►

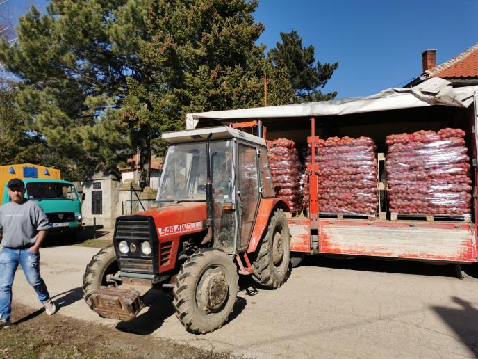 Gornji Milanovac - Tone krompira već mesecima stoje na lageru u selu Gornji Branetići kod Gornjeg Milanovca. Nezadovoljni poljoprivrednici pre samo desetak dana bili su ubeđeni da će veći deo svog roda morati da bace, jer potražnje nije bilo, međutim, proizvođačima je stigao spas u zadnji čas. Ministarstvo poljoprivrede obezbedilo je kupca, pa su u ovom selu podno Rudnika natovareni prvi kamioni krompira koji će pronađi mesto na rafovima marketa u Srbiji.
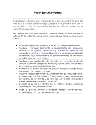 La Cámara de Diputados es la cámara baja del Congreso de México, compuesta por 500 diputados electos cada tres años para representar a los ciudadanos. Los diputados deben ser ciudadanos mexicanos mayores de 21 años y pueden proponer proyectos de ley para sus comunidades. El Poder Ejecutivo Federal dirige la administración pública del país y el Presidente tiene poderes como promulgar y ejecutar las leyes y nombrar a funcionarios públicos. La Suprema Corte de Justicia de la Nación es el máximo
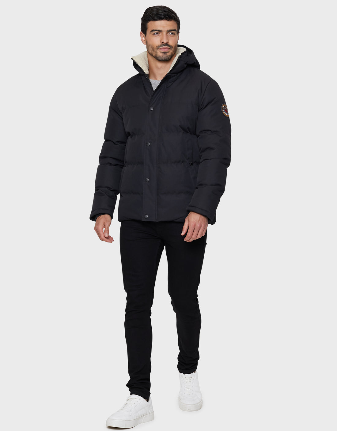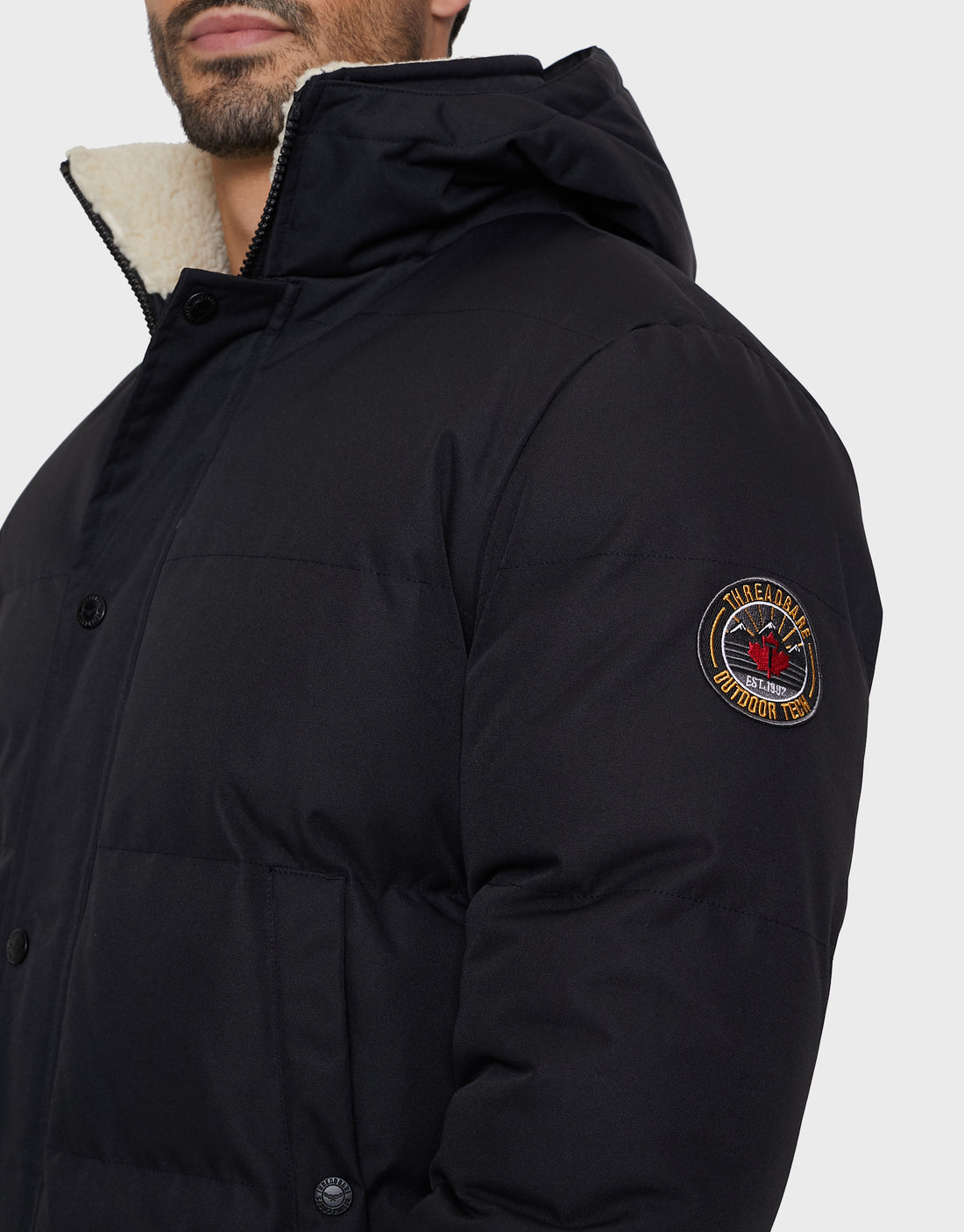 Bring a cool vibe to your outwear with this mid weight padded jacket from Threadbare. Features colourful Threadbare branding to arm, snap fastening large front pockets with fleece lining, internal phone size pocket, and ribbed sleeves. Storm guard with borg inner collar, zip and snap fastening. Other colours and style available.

◄
►

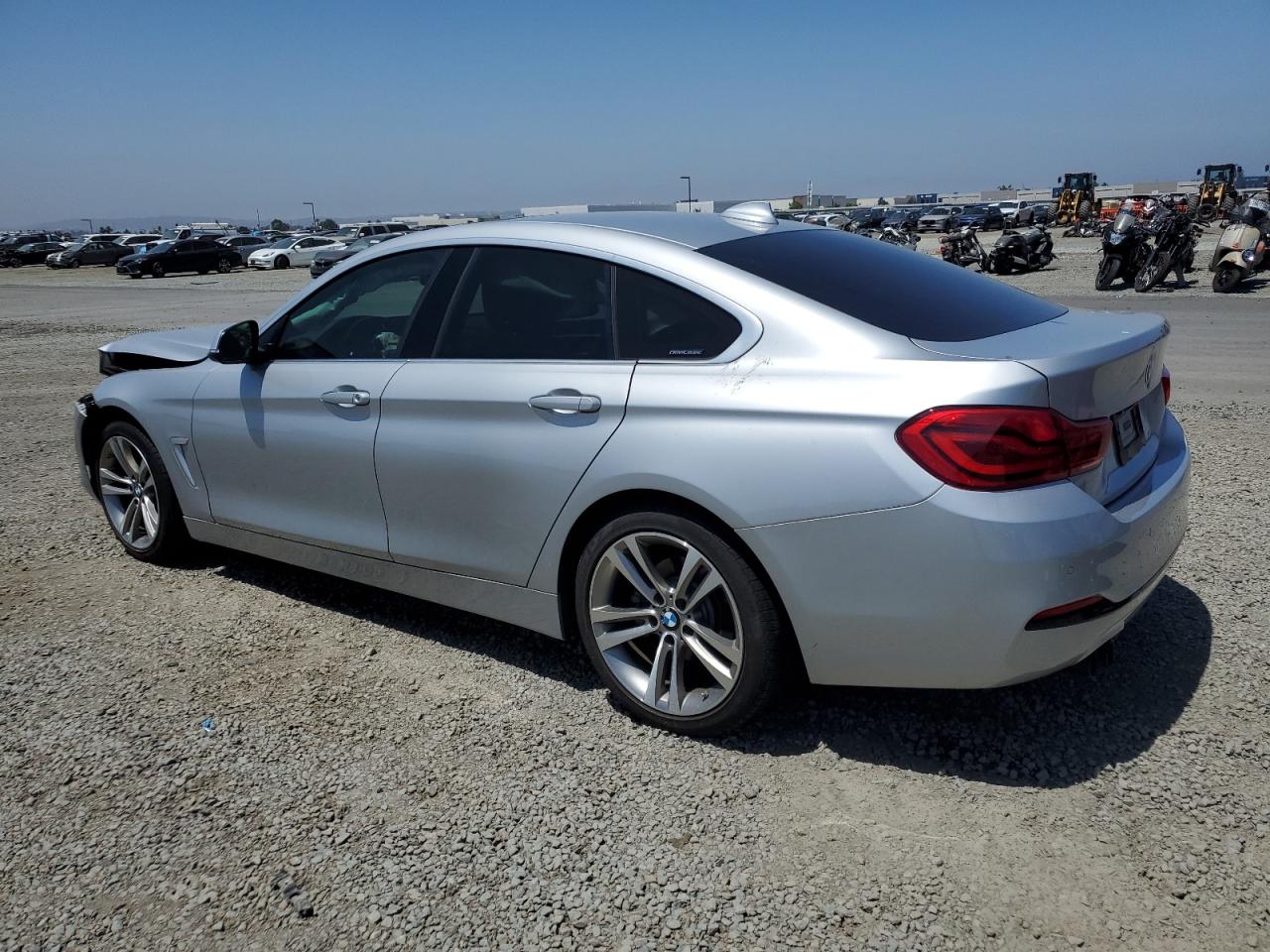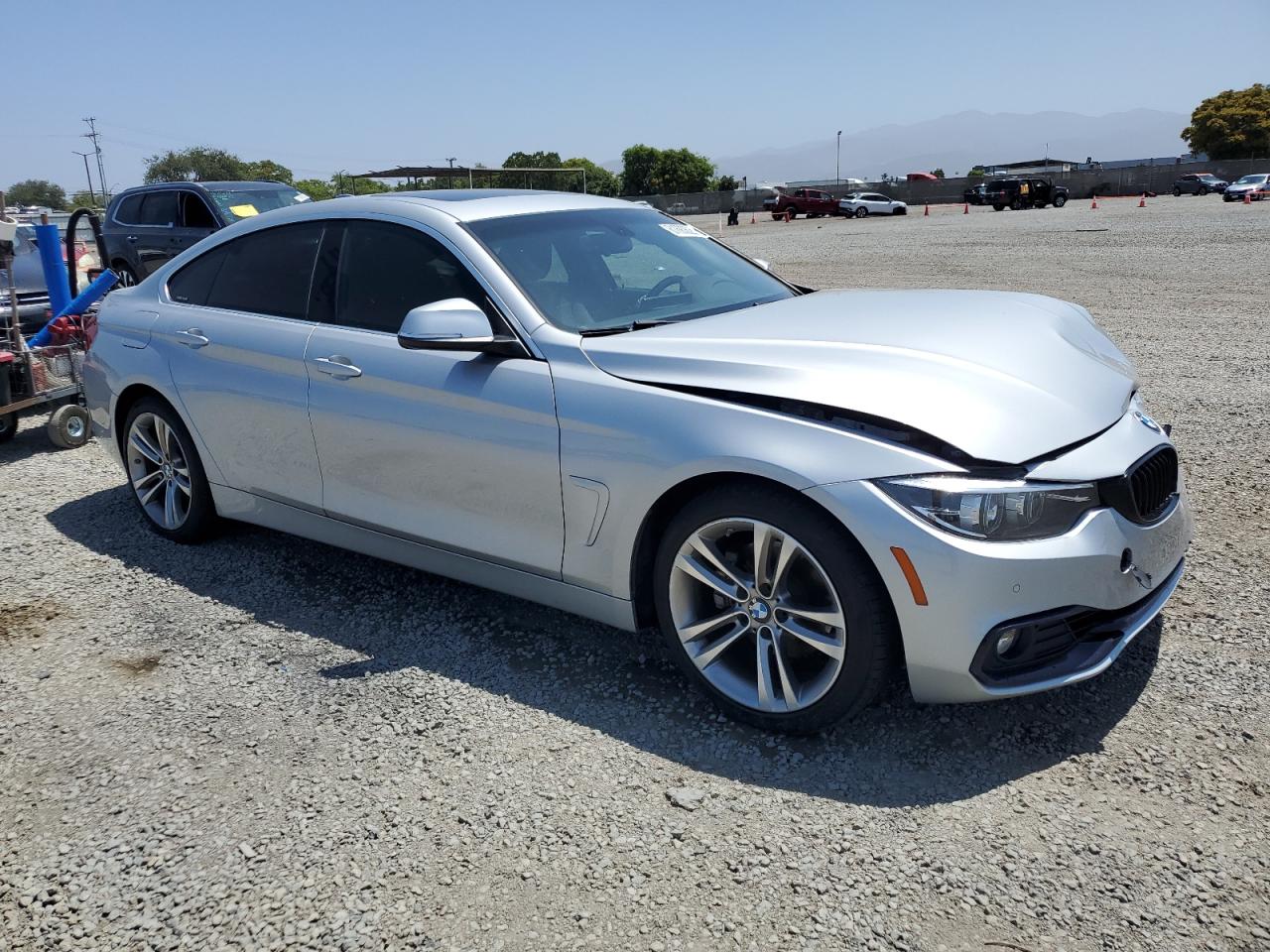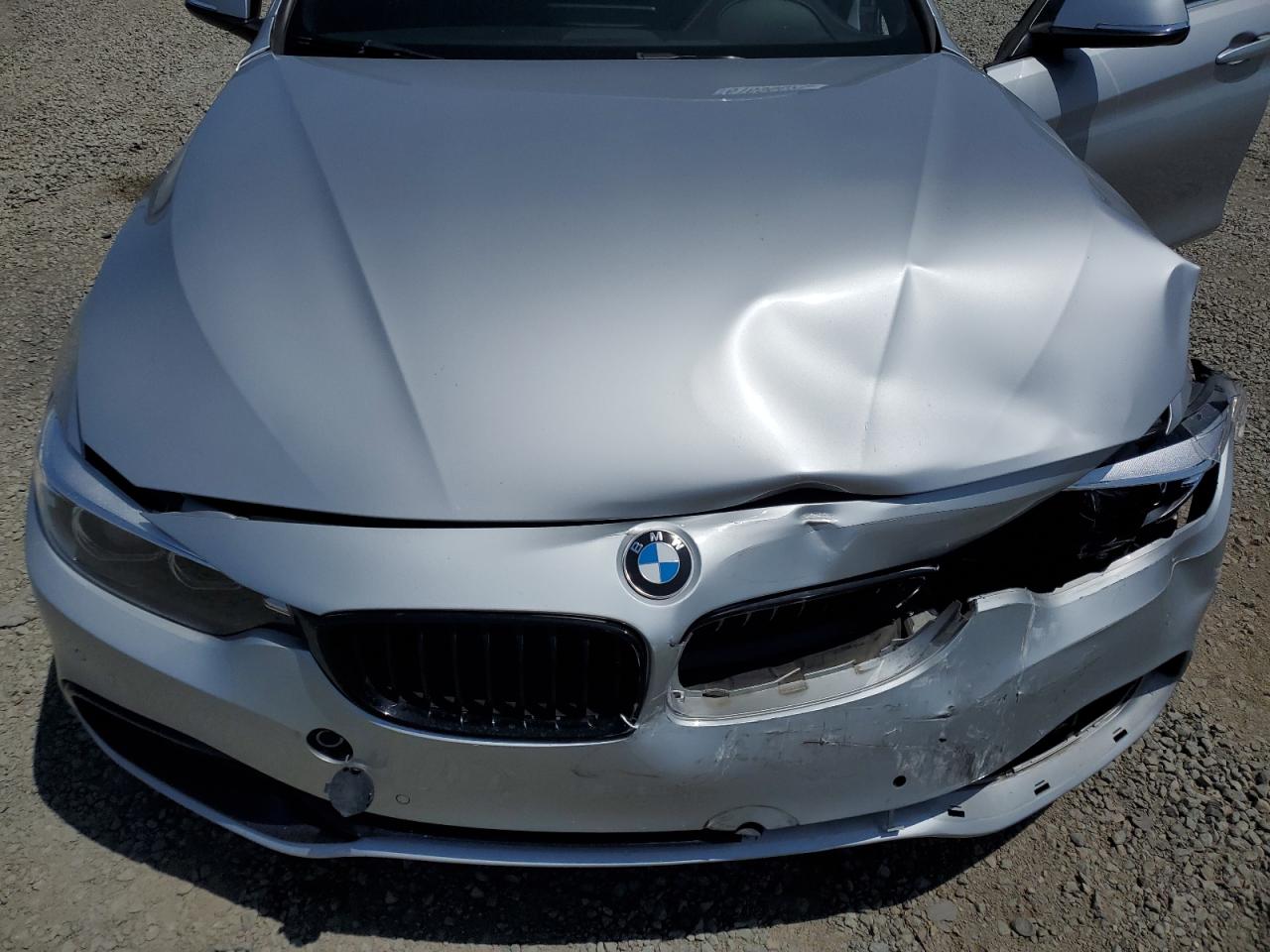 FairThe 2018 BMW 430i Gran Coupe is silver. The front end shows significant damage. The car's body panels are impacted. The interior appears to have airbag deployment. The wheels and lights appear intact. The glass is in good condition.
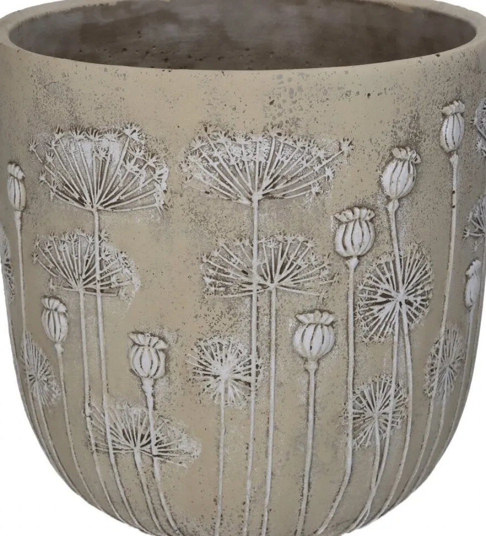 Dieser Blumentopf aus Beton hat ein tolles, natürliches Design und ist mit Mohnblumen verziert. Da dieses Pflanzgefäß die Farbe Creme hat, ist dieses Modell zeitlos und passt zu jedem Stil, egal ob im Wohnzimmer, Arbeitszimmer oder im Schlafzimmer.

◄
►

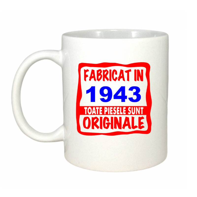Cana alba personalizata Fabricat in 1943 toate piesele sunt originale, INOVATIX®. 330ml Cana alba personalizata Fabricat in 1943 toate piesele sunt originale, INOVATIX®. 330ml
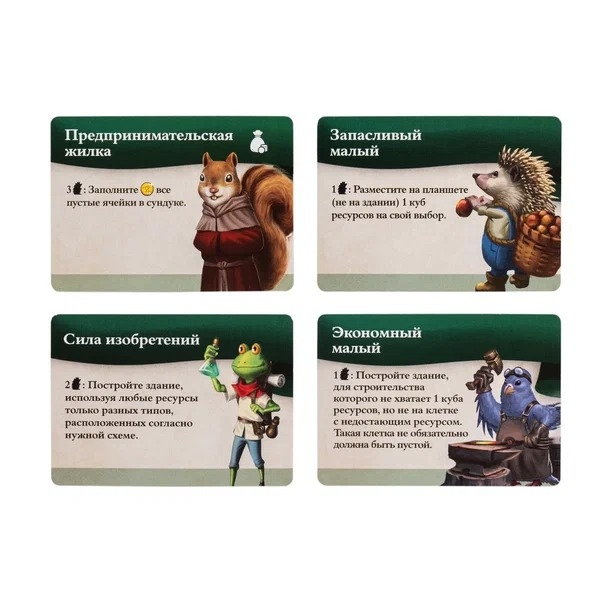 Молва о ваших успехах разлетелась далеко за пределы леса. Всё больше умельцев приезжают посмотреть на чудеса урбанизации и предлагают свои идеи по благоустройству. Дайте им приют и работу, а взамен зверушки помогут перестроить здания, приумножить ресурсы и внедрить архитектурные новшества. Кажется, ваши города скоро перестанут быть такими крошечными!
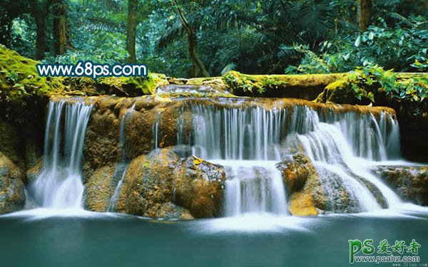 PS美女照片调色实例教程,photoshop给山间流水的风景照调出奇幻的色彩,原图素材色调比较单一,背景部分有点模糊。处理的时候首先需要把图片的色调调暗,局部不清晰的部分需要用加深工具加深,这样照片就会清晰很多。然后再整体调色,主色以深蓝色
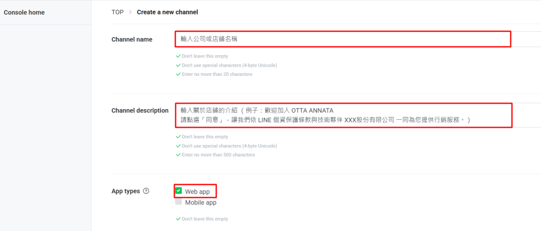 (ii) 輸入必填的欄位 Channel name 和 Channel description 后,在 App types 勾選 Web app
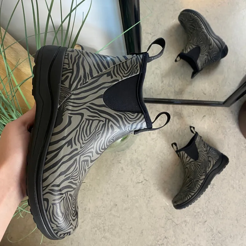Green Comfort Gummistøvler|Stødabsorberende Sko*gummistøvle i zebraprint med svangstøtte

◄

**What the task asks:** For this exercise, reproduce exactly the lines of the records above from the one with "INOVATIX®. 330ml Cana" up to and including the one with "Green Comfort Gummistøvler|Stødabsorberende", without pictures.

**Answer to this task:**
Cana alba personalizata Fabricat in 1943 toate piesele sunt originale, INOVATIX®. 330ml Cana alba personalizata Fabricat in 1943 toate piesele sunt originale, INOVATIX®. 330ml
 Молва о ваших успехах разлетелась далеко за пределы леса. Всё больше умельцев приезжают посмотреть на чудеса урбанизации и предлагают свои идеи по благоустройству. Дайте им приют и работу, а взамен зверушки помогут перестроить здания, приумножить ресурсы и внедрить архитектурные новшества. Кажется, ваши города скоро перестанут быть такими крошечными!
 PS美女照片调色实例教程,photoshop给山间流水的风景照调出奇幻的色彩,原图素材色调比较单一,背景部分有点模糊。处理的时候首先需要把图片的色调调暗,局部不清晰的部分需要用加深工具加深,这样照片就会清晰很多。然后再整体调色,主色以深蓝色
 (ii) 輸入必填的欄位 Channel name 和 Channel description 后,在 App types 勾選 Web app
Green Comfort Gummistøvler|Stødabsorberende Sko*gummistøvle i zebraprint med svangstøtte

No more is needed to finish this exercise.